>>

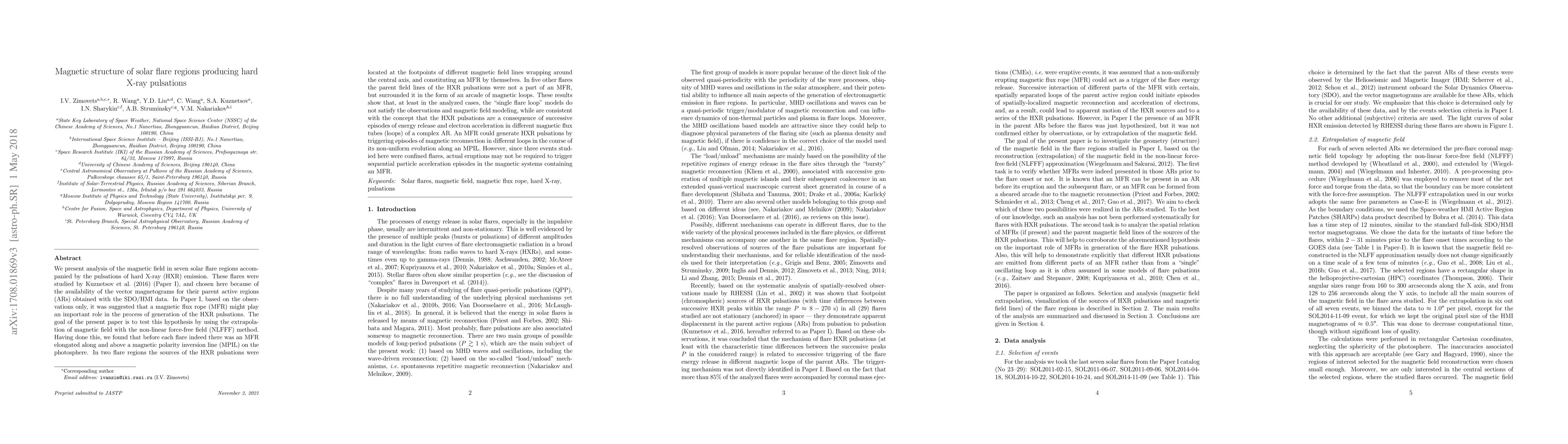 We present analysis of the magnetic field in seven solar flare regions accompanied by the pulsations of hard X-ray (HXR) emission. These flares were studied by Kuznetsov et al. (2016) (Paper~I), and chosen here because of the availability of the vector magnetograms for their parent active regions (ARs) obtained with the SDO/HMI data. In Paper~I, based on the observations only, it was suggested that a magnetic flux rope (MFR) might play an important role in the process of generation of the HXR pulsations. The goal of the present paper is to test this hypothesis by using the extrapolation of magnetic field with the non-linear force-free field (NLFFF) method. Having done this, we found that before each flare indeed there was an MFR elongated along and above a magnetic polarity inversion line (MPIL) on the photosphere. In two flare regions the sources of the HXR pulsations were located at the footpoints of different magnetic field lines wrapping around the central axis, and constituting an MFR by themselves. In five other flares the parent field lines of the HXR pulsations were not a part of an MFR, but surrounded it in the form of an arcade of magnetic loops. These results show that, at least in the analyzed cases, the "single flare loop" models do not satisfy the observations and magnetic field modeling, while are consistent with the concept that the HXR pulsations are a consequence of successive episodes of energy release and electron acceleration in different magnetic flux tubes (loops) of a complex AR. An MFR could generate HXR pulsations by triggering episodes of magnetic reconnection in different loops in the course of its non-uniform evolution along an MPIL. However, since three events studied here were confined flares, actual eruptions may not be required to trigger sequential particle acceleration episodes in the magnetic systems containing an MFR.
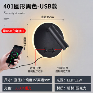 跨境上新USB手机充电LED阅读壁灯酒店床头室内书房卧室墙壁壁灯
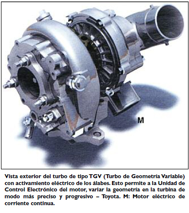 El Sistema "Common rail" piezoeléctrico de Toyota, puede generar una elevada presión de inyección, es decir 1.800 bares, que quizá sea la más alta entre otros sistemas. Este sistema, que sin duda representa un gran desarrollo técnico en los motores que usan la tecnología "Common rail", es un factor determinante para lograr altos valores de potencia y par motor con consumos muy contenidos. El motor adopta también un turbo de geometría variable (TGV) con activación del tipo eléctrico. Esto permite a la central electrónica de control ECU del motor, variar la geometría de la turbina de forma más precisa y progresiva contribuyendo a aumentar la eficiencia.
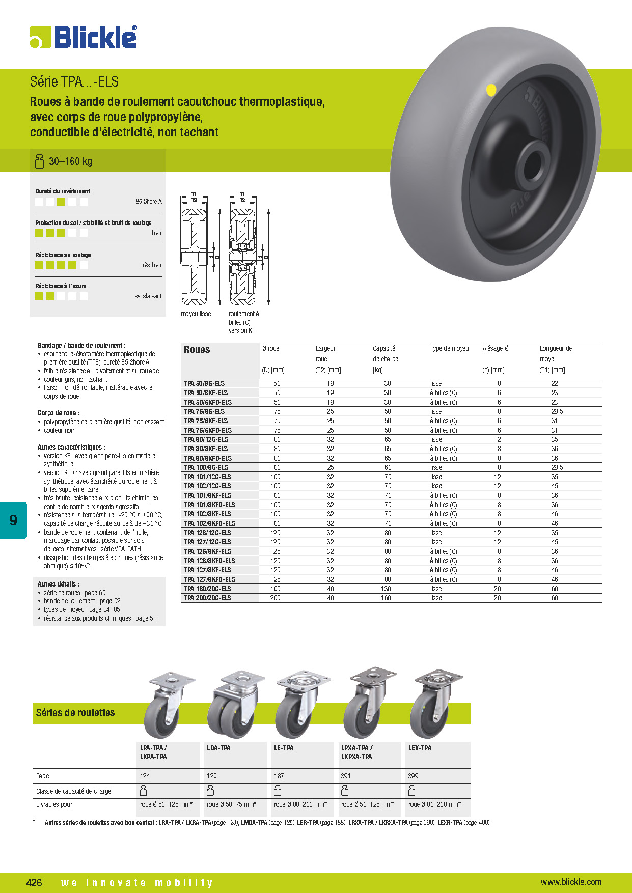 TPA-ELS Roues à bande de roulement caoutchouc thermoplastique, avec corps de roue polypropylène, conductible d’électricité, non tachant
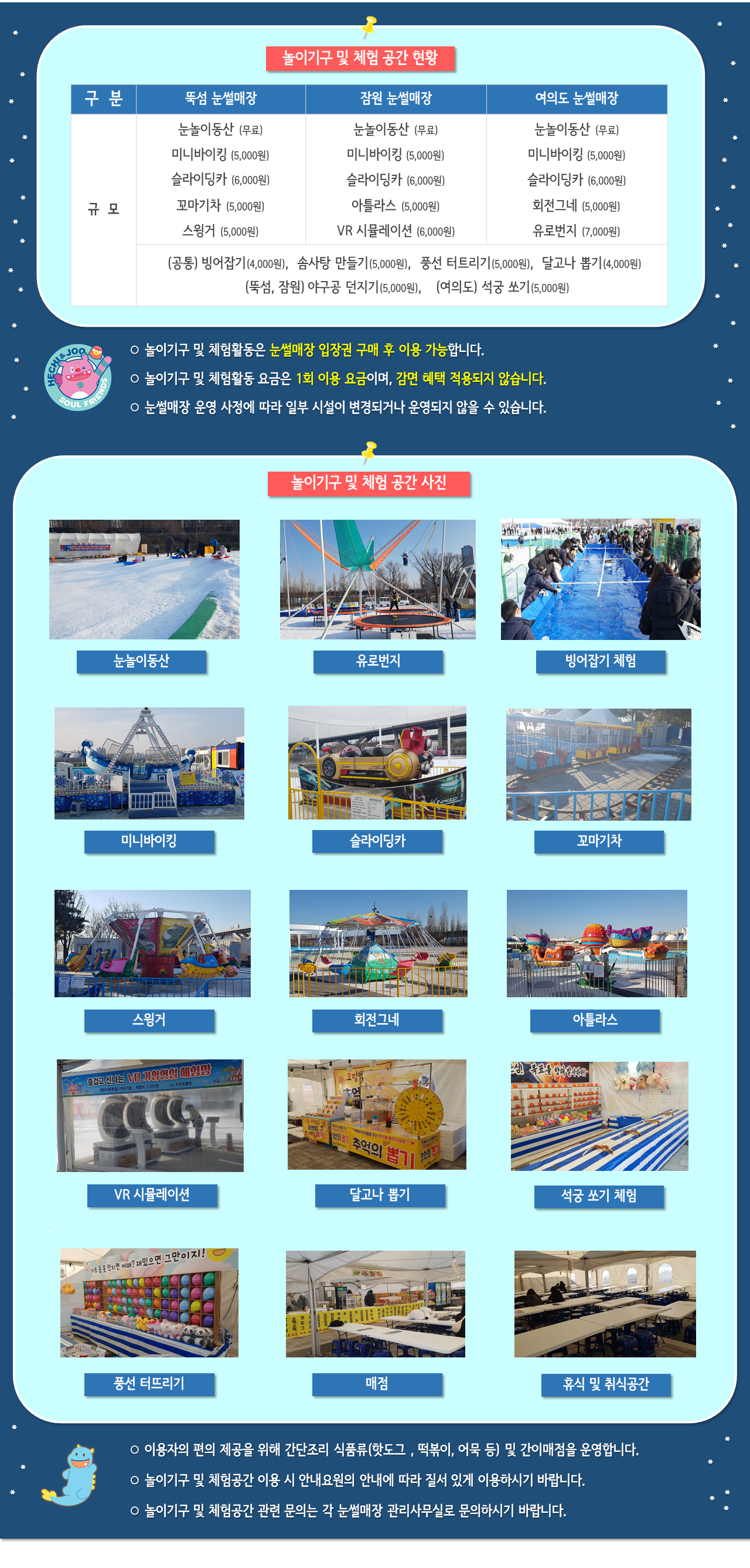 여의도 한강공원 눈썰매장은 방문객의 편의를 위한 다양한 시설을 제공합니다:
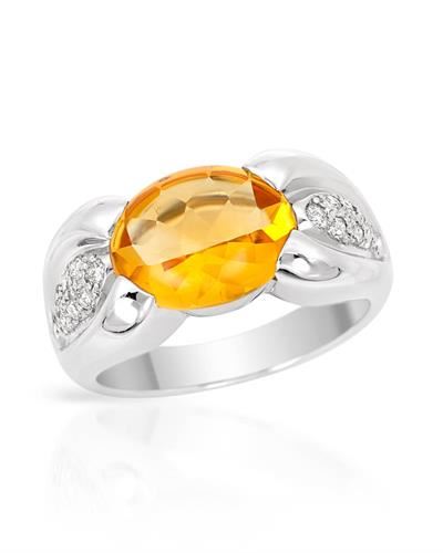 REF-54F9M ---- Natural 3.58 CTW Citrine & Diamond Ring 14K White Gold

<<

**Activity:** Please write out, word for word, each line from the one with "여의도 한강공원 눈썰매장은" to the last line of the data, keeping both ends and omitting pictures.

**Answer space:**
 여의도 한강공원 눈썰매장은 방문객의 편의를 위한 다양한 시설을 제공합니다:
 REF-54F9M ---- Natural 3.58 CTW Citrine & Diamond Ring 14K White Gold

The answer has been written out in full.